To enable multithreaded mat-vec multiplication, Julia must be initialized with threads, eitheir by setting the variable JULIA_NUM_THREADS or by initializing julia as julia -t n (to start with n threads).

Functionality

This package implements a multithreaded version of sparse matrix CSR - vector multiplication in Julia.

The package exports the functions:

tmul!(y, A, x, [alpha], [beta]), 5 argument (y = alpha*A*x +beta*y ) and 3 argument (y = A*x) in-place multithreaded versions of mul!, using Base.Threads threading (using @spawn)
tmul(A, x), multithreaded version of A*x, using Base.Threads threading (using @spawn)
bmul!(y, A, x, [alpha], [beta]), 5 argument (y = alpha*A*x +beta*y ) and 3 argument (y = A*x) in-place multithreaded versions of mul!, using Polyester.jl threading (using @batch)
bmul(A, x), multithreaded version of A*x, using Polyester.jl threading (using @batch)
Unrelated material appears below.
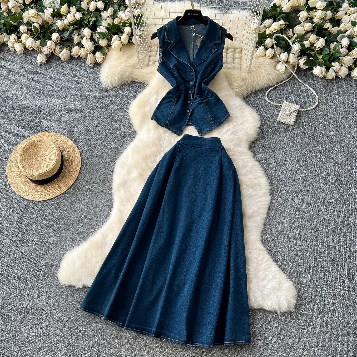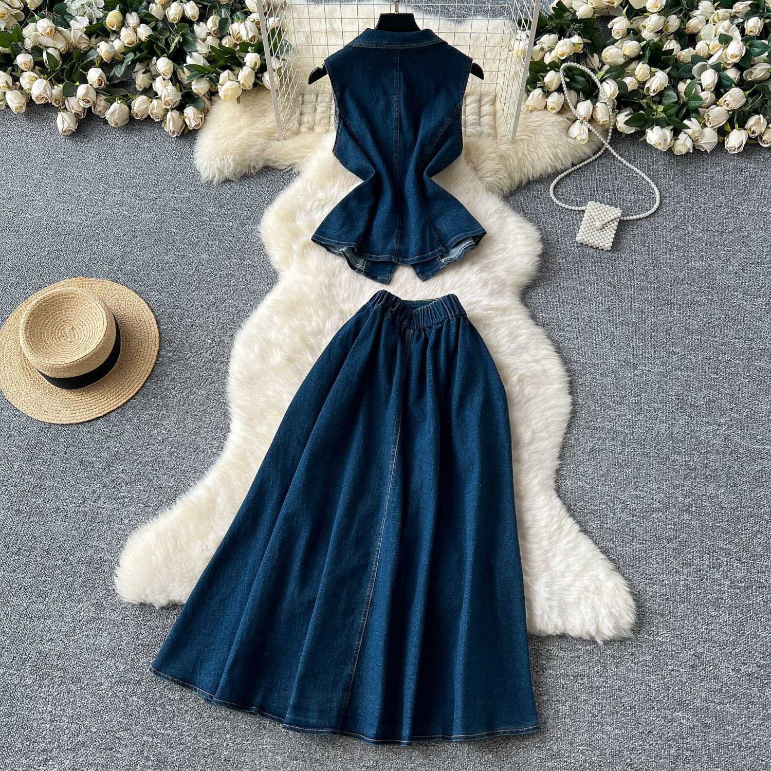 French Age-Down Suit Women's Summer Ripe Wind Folds Back-Clip-Free Denim Blouse + High Waist Half

The number of Julia threads that are used for sparse mat-vec multiplication can be checked via

ThreadedSparseCSR.get_num_threads()

By default, when the package is first imported, the number of threads is set to Threads.nthreads()

using ThreadedSparseCSR

ThreadedSparseCSR.get_num_threads() == Threads.nthreads() # true

The number of threads can be changed by using the function:

ThreadedSparseCSR.set_num_threads(4) # 4 threads will be used now

It is possible to overwrite the function * and mul! by their multithreaded versions. This is done using the function:

ThreadedSparseCSR.multithread_matmul(PolyesterThreads())

which overwrites * and mul! by bmul and bmul!, respectivelly;

ThreadedSparseCSR.multithread_matmul(BaseThreads())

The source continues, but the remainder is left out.